Last, you can take online classes.
If you are proficient enough and have a good social media presence, you can conduct online classes, BTS of your shoots, discuss workflows. Photography is something everyone wants to learn and people have a lot of time at their hands these days.”
4. Deborah Nakaska, Owner of Deborah Nakaska Commercial Photography
“Focus on the future and stay positive – continue working on things that you would need to do even if your business was continuing at this time.
For example; lighting techniques, getting stock, creating new brochures, updating websites, new projects, editing, etc.”
5. Casey Quertermous, Owner of Loud Product Photography
“During this difficult time, typical marketing techniques may push away future customers.
We suggest supporting your community of existing clients by helping them as much as you possibly can. Give each of your clients a couple of free shots each.
With most dependent on online sales, this could help them advertise now when they need sales the most. This builds trust and loyalty in the long term and in the short term it may get them to order more photos from you now if they get a positive result from what you offered.”
6. Liliya Karimov, Owner of Commercial Photography
“I opened a business in March this year and due to quarantine, I can’t start working. While I am staying at home, I intensively look forward to the development of my creative skills thanks to Photoshop.
I am building my portfolio in the hope of finding customers who may like my work and in the future to cooperate with them.”
7. Chad Verzosa, Owner of Lathala Creative Studios
“Running a business is hectic, and as entrepreneurs, we always wish we had the time to pause to figure out what to do next. But now you have this opportunity to see which areas in your business you can improve.
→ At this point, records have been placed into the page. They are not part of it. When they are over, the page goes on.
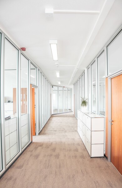 Glastrennwände mit Aluminiumrahmen & Türen aus Amerik. Kirschbaum
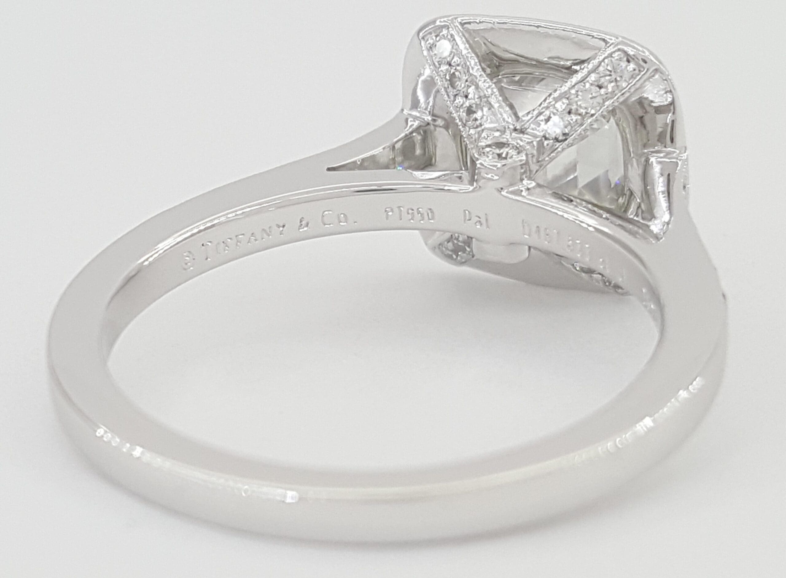 The ring is stamped "©TIFFANY&Co. PT950." and "Pat 467,833 et al 2632**** 1.72 CT"
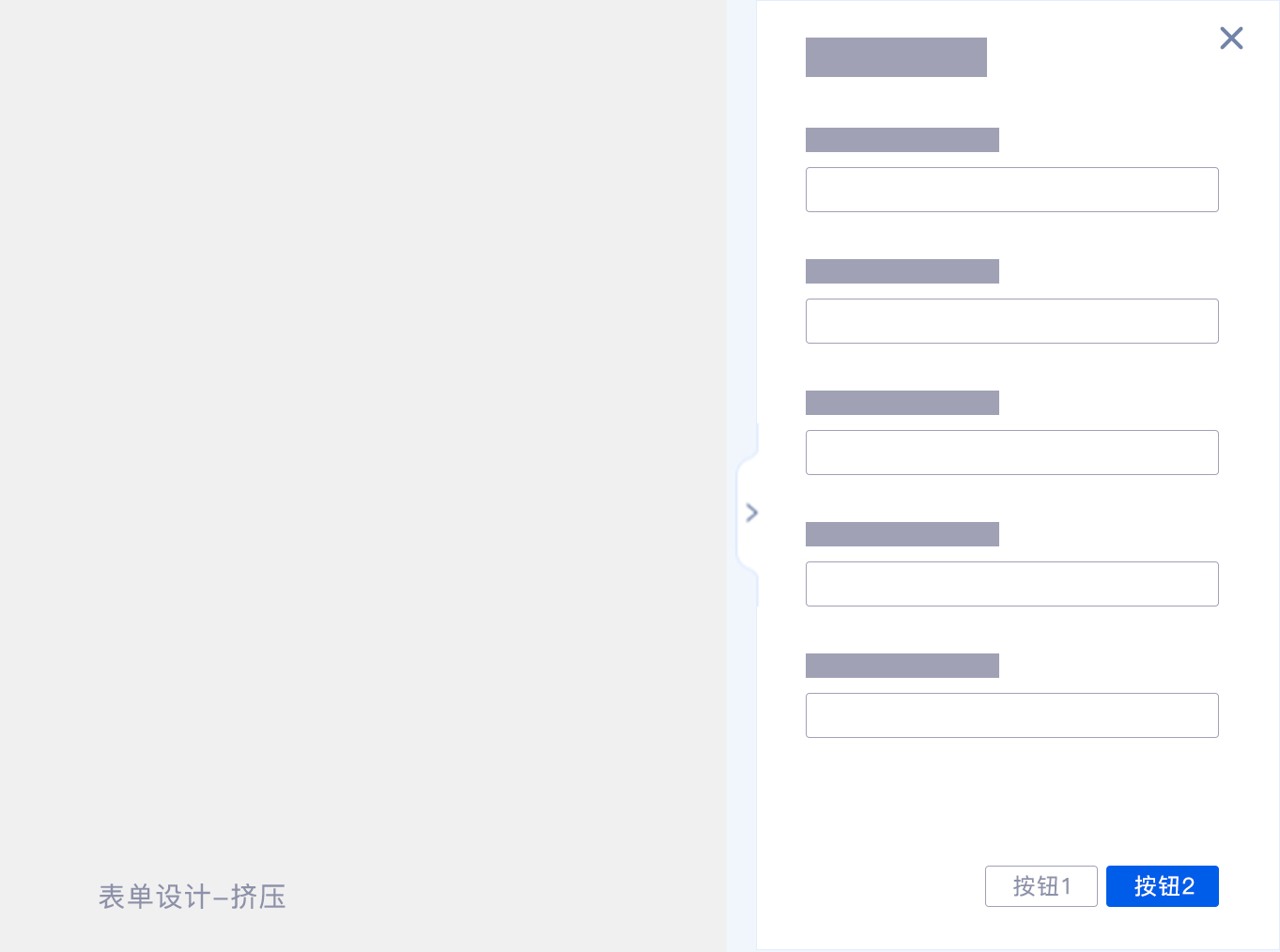 擠壓模式指的是表單信息從右側出現,將原本畫布的內容區域寬度減小,從而展示右側表單。這樣的展示方式界面需要做適配,做到畫面中的元素自動適配畫布大小,以滿足正常的閱讀和使用。

Because once clients come flooding in again, you can finally handle more and earn more without getting too stressed.”
8. Tim Stubbings, Owner of Lakesview Studios
“We’re not devastated by Covid-19 because we’re still in good physical health and have the resources to pitch for work again when things normalise.
We’ve just been switching priorities to the following:
- Keeping in contact with clients and seeing how they are doing (as opposed to asking for work).
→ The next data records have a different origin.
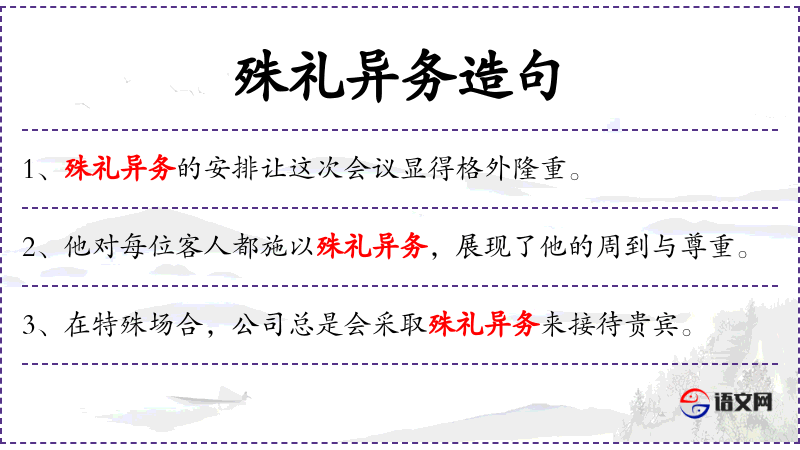 3. 【殊礼异务】 - 殖、异:不同;礼:礼俗;务:事情。指不同的礼俗和情况。
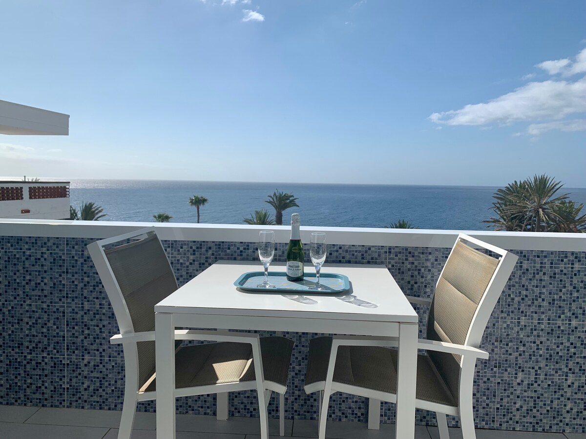 This stunning apartment takes your breath away from the moment you step inside. Very clean, modern, comfortable and located in a quiet residential area of San Agustín with a shared pool area. From the living area and balcony you have the most amazing view over the ocean. At only 10 minutes walking distance or 160 panoramic staircase steps from the beach. The apartment situated on top-floor includes a bedroom, bathroom and a comfortable living area with a fully equipped kitchen.
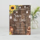 Skapa ett minnesvärt första intryck med det här fantastiska rustika västerländska solros-kortet "Save the Date" för bröllop! Kortet har livfulla akvarell-solrosor, lysande murar-ljusstakar, lager av strängar med lampor, cowboystövlar och en klassisk cowboyhatt på en rik, varm och mörk trämiljö. Det ultimata country-västerländska "Save the Date"-kortet som kombinerar solsken, rustik glöd och västerländsk anda — allt på ett vackert kort!

- Sharing and commenting more on social media.
- Seeing how we can support local charitable initiatives or activities that bring people/business together.
- Learning new skills (video and audio).
Most photographers that work with people can’t travel or interact at the moment but now is the time to act by taking images (and sharing) that are more personal than commercial, and keeping your profile high. Nobody wants to be the guy when all of this is over that people say of them ‘where were you?’”
9. Tanya Cressey, Owner of Tanyacresseyphotography.com
“My best tip to photographers would be to use this time to sort out their archives! They will thank themselves for it later. And a tip for both photographers and studios would be to keep in contact with previous customers and to continue to post on social media to keep their names in people’s minds for when things get back to normal.”
10. Marissa Rossouw, Professional Photographer at Magnetic Photography
“I have found in my own studio that we as photographers will have to rethink the way we do business. The way forward will not be like we are accustomed to, thus I would say you have to adapt your business to fit in with what will trend in the future. I believe things will move more digital as we move forward with on-line businesses. Basically adapt or die.”
Defy the odds and carry on
With the ongoing global pandemic, a lot of us are just trying to make ends meet, but this is not the time to give up.
Although these tips may not be the ultimate and guaranteed solution to get your business up and running at full speed, they are based on real-life and current experiences of experts in the photography industry on surviving the impact of the COVID 19 crisis.
It might not seem like it now but there is an end to all of this, and the best way to cope is to keep moving forward in any way you can so you’re ready to get off the ground once the pandemic is over.